**Stored items from a collection**

=-=-=-=-=

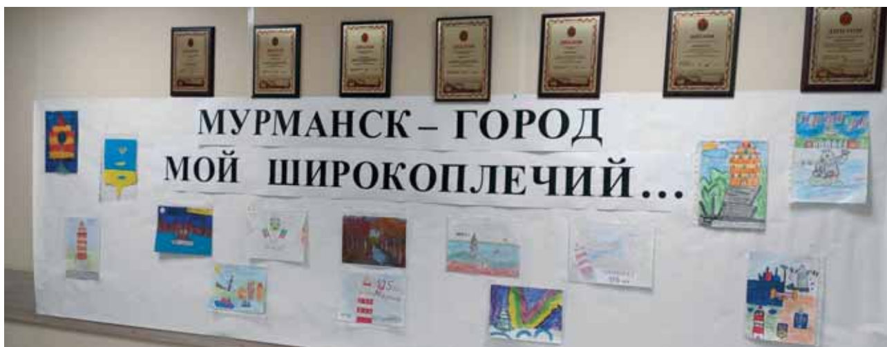
Конкурс детского рисунка ко Дню города

Место, где родился и вырос человек, называется его малой родиной. У многих людей именно с малой родиной связаны самые добрые и светлые воспоминания детства. Целью проведения выставки детского рисунка является гражданско-патриотическое воспитание и формирование у подрастающего поколения интереса к истории города, чувства любви и бережного отношения к своей малой родине.
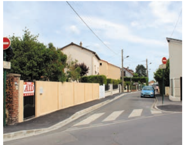
Rue des Fanouilletts

Mise aux normes accessibilité (passages PMR) des passages protégés.
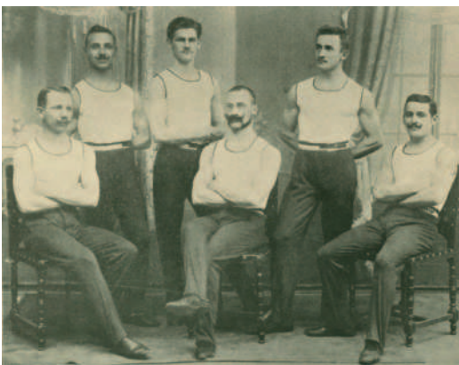
Oddíl chorvatského Sokola v Sarajevu
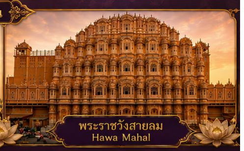
พระราชวังสายลม Hawa Mahal
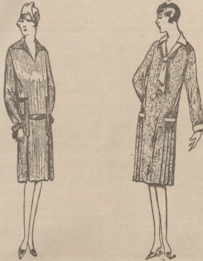
Vestidos de CRESPO o LANA de 18 a 35 pesetas. CORTE MODERNO Batas PERCAL, SATÉN NEGRO o CEFIRO desde 7 a 15 pesetas. MODELOS BONITOS

=-=-=-=-=

**What you have to do**
The required answer is each line of the entries containing the string "рисунка".

**The answer**
Конкурс детского рисунка ко Дню города
Место, где родился и вырос человек, называется его малой родиной. У многих людей именно с малой родиной связаны самые добрые и светлые воспоминания детства. Целью проведения выставки детского рисунка является гражданско-патриотическое воспитание и формирование у подрастающего поколения интереса к истории города, чувства любви и бережного отношения к своей малой родине.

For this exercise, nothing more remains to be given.